■ Your assignment
Make an exact copy of the lines starting at the top of the listing below and ending at the line that contains "Red jasper donut", inclusive.

-------

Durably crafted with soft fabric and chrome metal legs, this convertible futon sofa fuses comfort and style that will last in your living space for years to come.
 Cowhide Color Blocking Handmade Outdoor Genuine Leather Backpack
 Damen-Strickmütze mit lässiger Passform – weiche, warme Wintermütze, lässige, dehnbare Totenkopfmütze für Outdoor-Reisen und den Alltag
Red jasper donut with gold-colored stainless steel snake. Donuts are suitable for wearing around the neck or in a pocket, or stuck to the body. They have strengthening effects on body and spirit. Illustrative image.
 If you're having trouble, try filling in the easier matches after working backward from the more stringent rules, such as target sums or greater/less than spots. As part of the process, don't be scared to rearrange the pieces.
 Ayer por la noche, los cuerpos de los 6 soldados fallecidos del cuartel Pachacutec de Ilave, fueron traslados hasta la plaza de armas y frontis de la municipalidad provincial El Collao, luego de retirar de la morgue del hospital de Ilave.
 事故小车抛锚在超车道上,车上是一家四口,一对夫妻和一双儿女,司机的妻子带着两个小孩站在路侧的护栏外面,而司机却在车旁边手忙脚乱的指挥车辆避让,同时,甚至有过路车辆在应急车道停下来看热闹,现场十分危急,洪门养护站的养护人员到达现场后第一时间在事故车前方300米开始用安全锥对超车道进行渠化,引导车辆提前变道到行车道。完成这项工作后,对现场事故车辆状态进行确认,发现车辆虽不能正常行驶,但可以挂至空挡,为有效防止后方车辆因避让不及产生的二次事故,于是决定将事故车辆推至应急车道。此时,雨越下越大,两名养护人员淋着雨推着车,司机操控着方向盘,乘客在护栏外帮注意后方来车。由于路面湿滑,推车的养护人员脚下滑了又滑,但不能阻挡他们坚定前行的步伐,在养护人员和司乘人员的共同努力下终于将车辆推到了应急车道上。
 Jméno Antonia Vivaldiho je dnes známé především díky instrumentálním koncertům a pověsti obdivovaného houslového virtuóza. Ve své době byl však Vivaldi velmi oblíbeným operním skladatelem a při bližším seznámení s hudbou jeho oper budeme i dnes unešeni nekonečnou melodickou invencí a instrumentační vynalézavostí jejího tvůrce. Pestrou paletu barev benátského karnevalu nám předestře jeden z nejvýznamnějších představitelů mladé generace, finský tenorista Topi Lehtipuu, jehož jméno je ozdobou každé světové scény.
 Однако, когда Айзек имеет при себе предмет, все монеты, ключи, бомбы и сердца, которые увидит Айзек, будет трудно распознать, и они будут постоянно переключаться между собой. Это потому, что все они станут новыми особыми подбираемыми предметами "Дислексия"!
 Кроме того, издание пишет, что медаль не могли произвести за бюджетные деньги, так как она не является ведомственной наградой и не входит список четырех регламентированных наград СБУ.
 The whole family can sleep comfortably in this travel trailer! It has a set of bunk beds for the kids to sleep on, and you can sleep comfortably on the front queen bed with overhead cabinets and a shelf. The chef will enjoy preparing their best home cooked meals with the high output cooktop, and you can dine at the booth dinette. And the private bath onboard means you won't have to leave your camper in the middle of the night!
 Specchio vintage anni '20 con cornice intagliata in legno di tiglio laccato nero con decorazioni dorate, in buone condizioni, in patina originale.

-------

■ Finished task
Durably crafted with soft fabric and chrome metal legs, this convertible futon sofa fuses comfort and style that will last in your living space for years to come.
 Cowhide Color Blocking Handmade Outdoor Genuine Leather Backpack
 Damen-Strickmütze mit lässiger Passform – weiche, warme Wintermütze, lässige, dehnbare Totenkopfmütze für Outdoor-Reisen und den Alltag
Red jasper donut with gold-colored stainless steel snake. Donuts are suitable for wearing around the neck or in a pocket, or stuck to the body. They have strengthening effects on body and spirit. Illustrative image.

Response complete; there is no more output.